10:00 AM to 12:00 PM somewhere between Chhatru and Batal. If there is a working tea stall at Chhatru, stop. If not, nibble on your dry snacks in the car. Keep drinking water.
12:00 to 1:00 PM at Batal. This is your proper meal stop. Eat rajma chawal or maggi at Chacha Chachi Dhaba. Drink chai. Use the washroom. Rest for 15 to 20 minutes. Pay in cash.
2:00 to 3:00 PM. Arrive at the Chandratal camping area after the bumpy 14 km stretch from Batal. Settle in at your camp. Walk to the lake before sunset.
7:00 to 8:00 PM. Dinner at your camp. Dal, rice, roti, and chai.
Backup plan. If Batal's dhaba is closed when you pass through, your packed snacks and backup meal from Manali become your lunch.
This has happened to travellers before, especially in the early season. Do not panic, but do not arrive unprepared either.
Start early. The Atal Tunnel gets crowded later in the morning, and you want daylight for every rough section of the drive.

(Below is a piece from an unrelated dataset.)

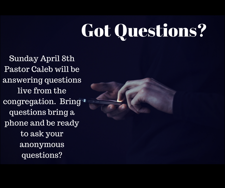Have you ever had a question you wanted to ask in church? Well this week is your chance. Our Pastor will be answering questions that are sent to him live from the congregation. So bring your questions bring your phones and get ready for a unique church experience. You can text question to 423-847-2459 beforehand or live on Sunday.

Carry cash. No ATMs exist between Manali and Chandratal. No UPI at remote dhabas. Keep at least ₹2,000 to ₹3,000 in small notes.
Carry more water than you think you need. Dehydration at altitude is real and it makes everything worse. The headache, the nausea, the fatigue. Drinking water regularly is the simplest fix.
Do not trust Google Maps timing. The app has no idea what the road between Gramphu and Batal actually looks like. What it shows as a 4-hour drive can easily take 7 hours.
Skip the fancy packed lunch idea. Anything with mayo, cream, or dairy goes bad fast in a warm car. Stick to dry snacks, fruit, and simple parathas.
A high-clearance SUV is not optional on this route. The Batal to Chandratal stretch is 14 km of dirt, gravel, and water crossings. A sedan will struggle and possibly not make it.
What we always tell our travellers is this: the road to Chandratal is hard, the food is basic, and the comfort is minimal.
But the lake at the end is worth all of it. You just need to plan the food part so that hunger and low energy do not steal the experience from you.
If you are looking at combining this drive with a full Spiti Valley circuit, the food logistics get even easier because you are not trying to cram everything into one rushed day.
And if you enjoy adventure activities in Manali before the drive, that extra day also gives you time to stock up on snacks and acclimatise to the altitude.